▸ Data supplied
****

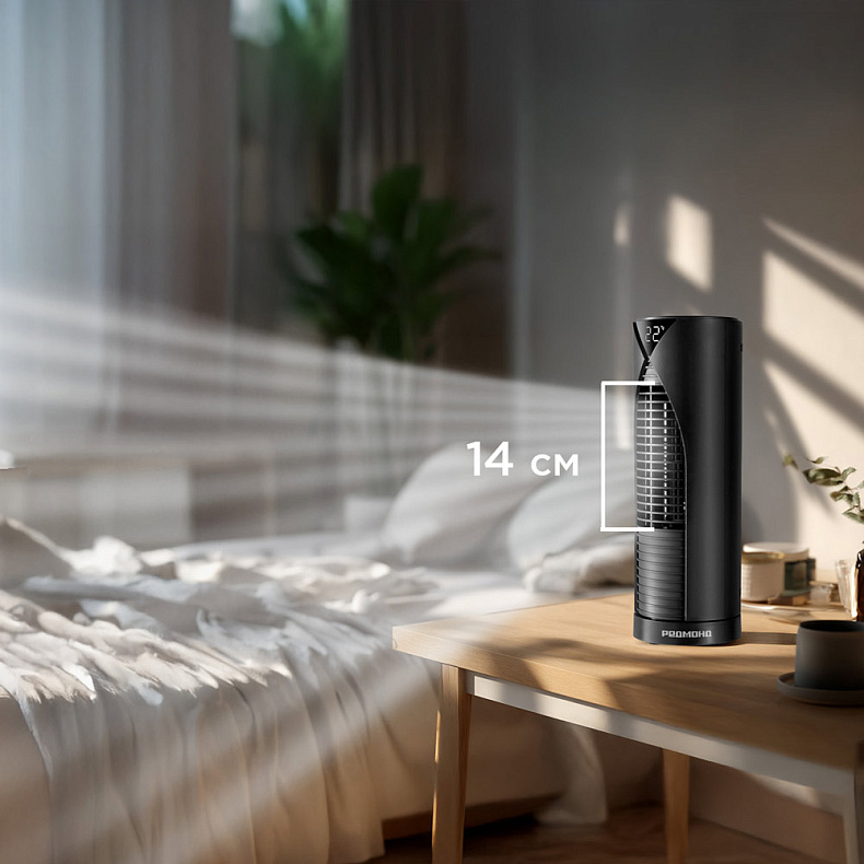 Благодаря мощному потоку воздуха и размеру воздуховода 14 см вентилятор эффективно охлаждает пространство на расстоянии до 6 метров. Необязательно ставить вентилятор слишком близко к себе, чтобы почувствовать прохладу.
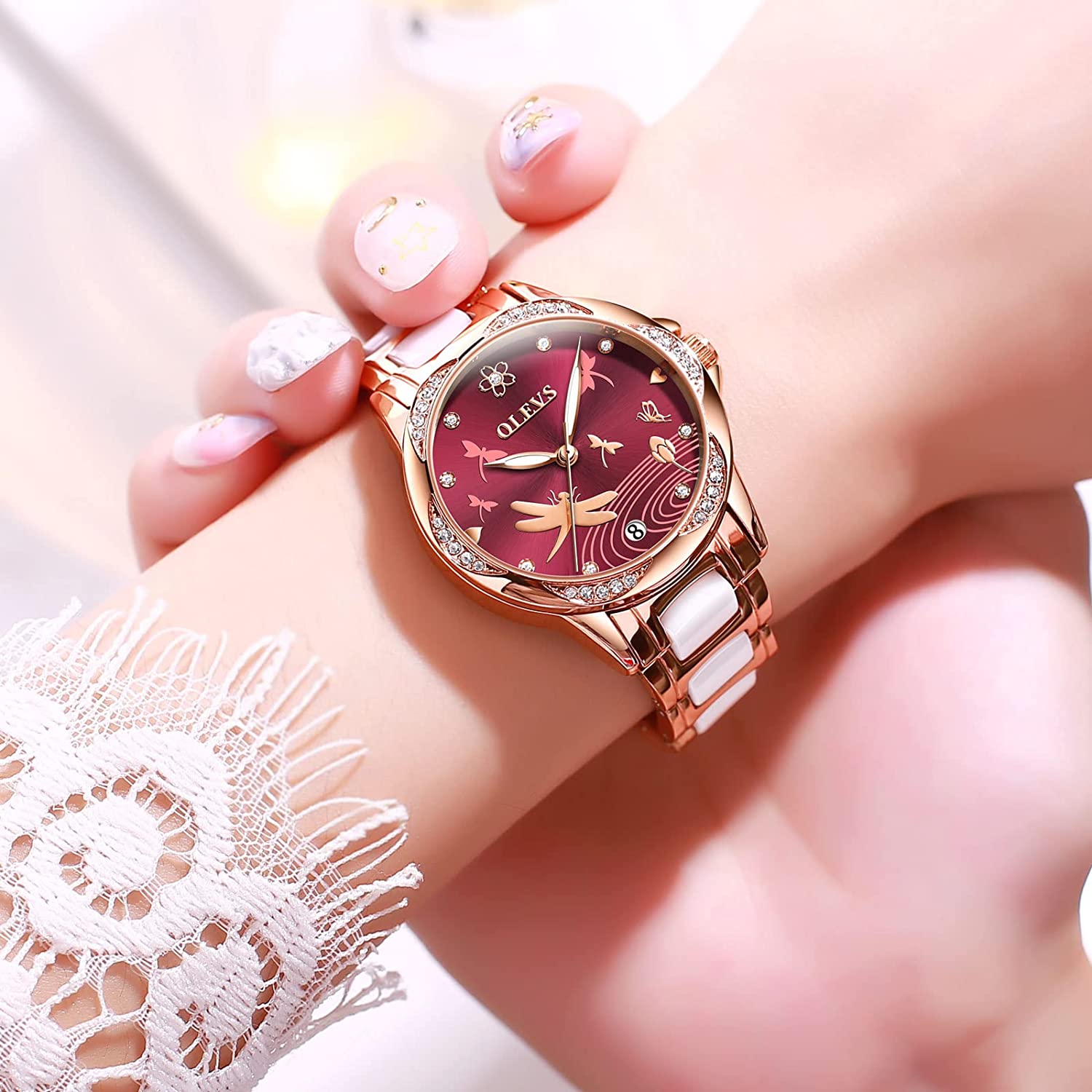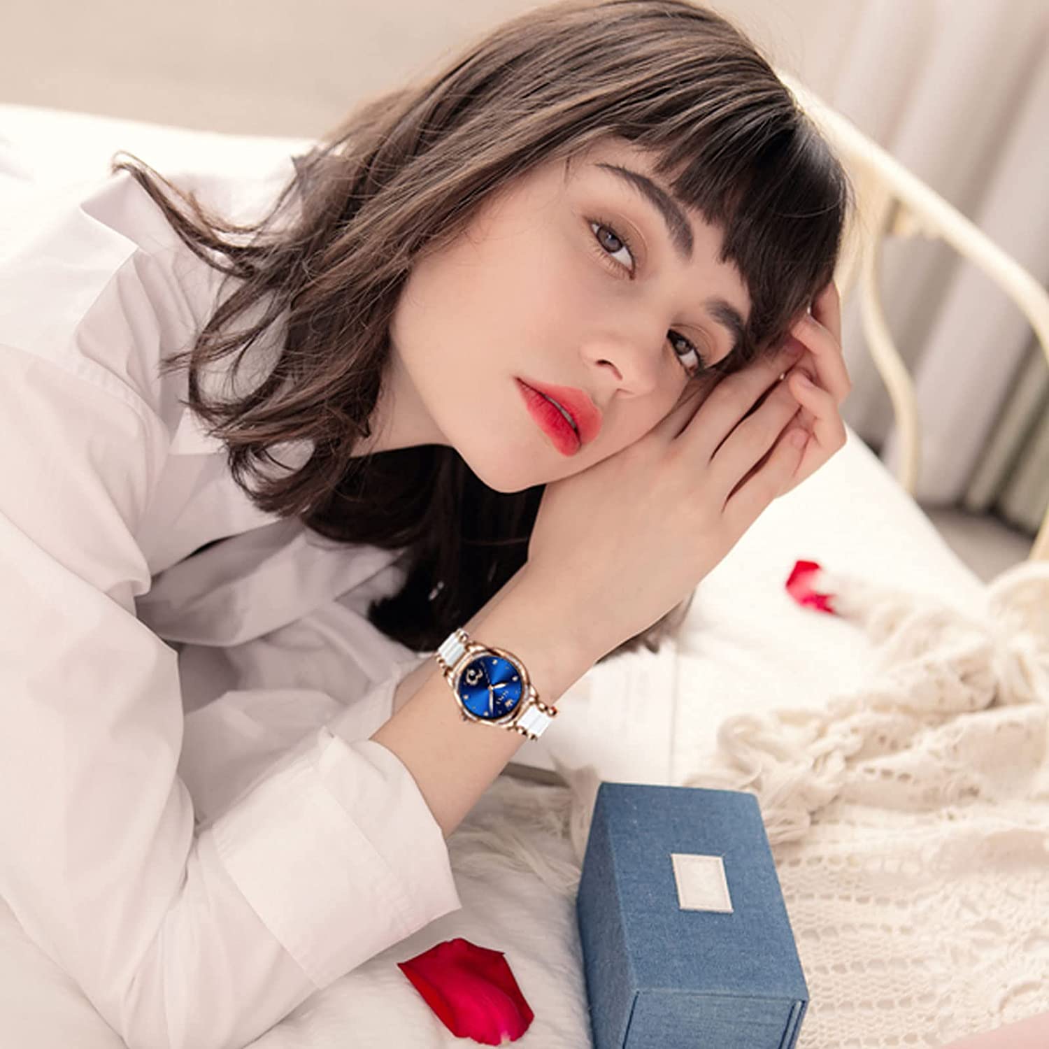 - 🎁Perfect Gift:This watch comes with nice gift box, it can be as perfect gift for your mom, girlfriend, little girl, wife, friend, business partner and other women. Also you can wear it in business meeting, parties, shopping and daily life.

****

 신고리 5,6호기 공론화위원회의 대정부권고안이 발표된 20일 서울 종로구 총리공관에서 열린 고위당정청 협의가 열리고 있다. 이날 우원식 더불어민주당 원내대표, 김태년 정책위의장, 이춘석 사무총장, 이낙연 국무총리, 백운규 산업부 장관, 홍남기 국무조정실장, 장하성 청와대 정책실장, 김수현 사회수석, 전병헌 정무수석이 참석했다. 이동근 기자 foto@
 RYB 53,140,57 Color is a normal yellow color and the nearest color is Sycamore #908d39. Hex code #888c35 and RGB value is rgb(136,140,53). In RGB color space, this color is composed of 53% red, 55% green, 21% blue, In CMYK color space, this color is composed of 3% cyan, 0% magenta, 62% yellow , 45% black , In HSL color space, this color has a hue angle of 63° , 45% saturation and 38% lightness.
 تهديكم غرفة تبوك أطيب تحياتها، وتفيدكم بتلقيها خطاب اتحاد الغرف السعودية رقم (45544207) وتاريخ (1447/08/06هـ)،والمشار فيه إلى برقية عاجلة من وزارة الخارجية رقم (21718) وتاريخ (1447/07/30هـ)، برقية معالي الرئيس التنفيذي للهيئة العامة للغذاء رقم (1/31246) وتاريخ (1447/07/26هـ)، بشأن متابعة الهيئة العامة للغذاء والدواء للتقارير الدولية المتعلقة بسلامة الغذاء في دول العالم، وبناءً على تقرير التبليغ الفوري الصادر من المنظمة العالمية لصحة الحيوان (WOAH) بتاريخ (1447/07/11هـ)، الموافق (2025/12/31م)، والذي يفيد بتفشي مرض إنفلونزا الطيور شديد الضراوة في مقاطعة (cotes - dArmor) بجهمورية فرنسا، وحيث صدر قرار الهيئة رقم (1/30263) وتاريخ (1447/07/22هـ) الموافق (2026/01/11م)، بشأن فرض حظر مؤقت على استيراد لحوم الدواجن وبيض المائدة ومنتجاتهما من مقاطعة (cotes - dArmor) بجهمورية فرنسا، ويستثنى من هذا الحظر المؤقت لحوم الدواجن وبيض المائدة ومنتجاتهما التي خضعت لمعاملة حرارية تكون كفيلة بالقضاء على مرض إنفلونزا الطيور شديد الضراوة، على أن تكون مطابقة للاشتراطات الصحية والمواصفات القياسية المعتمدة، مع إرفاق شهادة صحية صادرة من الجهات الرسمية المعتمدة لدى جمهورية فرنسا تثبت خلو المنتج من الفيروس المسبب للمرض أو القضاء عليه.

****

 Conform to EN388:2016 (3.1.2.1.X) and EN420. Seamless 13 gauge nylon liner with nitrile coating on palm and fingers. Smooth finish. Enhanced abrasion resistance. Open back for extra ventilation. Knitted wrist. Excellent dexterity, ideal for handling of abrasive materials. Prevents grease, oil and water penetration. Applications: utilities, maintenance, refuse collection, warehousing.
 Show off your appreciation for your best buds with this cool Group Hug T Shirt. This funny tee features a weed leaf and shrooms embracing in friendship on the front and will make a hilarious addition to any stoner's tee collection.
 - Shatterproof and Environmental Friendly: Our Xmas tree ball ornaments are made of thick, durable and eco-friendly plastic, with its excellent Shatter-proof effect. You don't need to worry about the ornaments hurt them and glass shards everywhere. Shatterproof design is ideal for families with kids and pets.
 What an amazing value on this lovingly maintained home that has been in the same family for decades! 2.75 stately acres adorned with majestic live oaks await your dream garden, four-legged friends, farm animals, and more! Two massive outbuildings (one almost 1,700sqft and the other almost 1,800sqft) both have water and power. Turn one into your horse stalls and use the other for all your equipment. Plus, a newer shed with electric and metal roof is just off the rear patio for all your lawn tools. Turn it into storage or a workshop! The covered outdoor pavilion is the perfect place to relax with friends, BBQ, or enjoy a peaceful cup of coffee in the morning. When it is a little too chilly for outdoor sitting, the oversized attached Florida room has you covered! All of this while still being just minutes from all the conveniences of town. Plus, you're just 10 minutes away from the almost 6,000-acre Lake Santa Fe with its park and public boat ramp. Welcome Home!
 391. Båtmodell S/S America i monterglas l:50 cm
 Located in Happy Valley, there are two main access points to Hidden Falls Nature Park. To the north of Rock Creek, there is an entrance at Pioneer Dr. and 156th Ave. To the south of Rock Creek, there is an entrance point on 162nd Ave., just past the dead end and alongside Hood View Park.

****

▸ Action item
From the records above, write out exactly the lines that begin at the line with "Благодаря мощному потоку" and end at the line with "- 🎁Perfect Gift:This". Pictures must not appear in the output.

▸ Completed exercise
 Благодаря мощному потоку воздуха и размеру воздуховода 14 см вентилятор эффективно охлаждает пространство на расстоянии до 6 метров. Необязательно ставить вентилятор слишком близко к себе, чтобы почувствовать прохладу.
 - 🎁Perfect Gift:This watch comes with nice gift box, it can be as perfect gift for your mom, girlfriend, little girl, wife, friend, business partner and other women. Also you can wear it in business meeting, parties, shopping and daily life.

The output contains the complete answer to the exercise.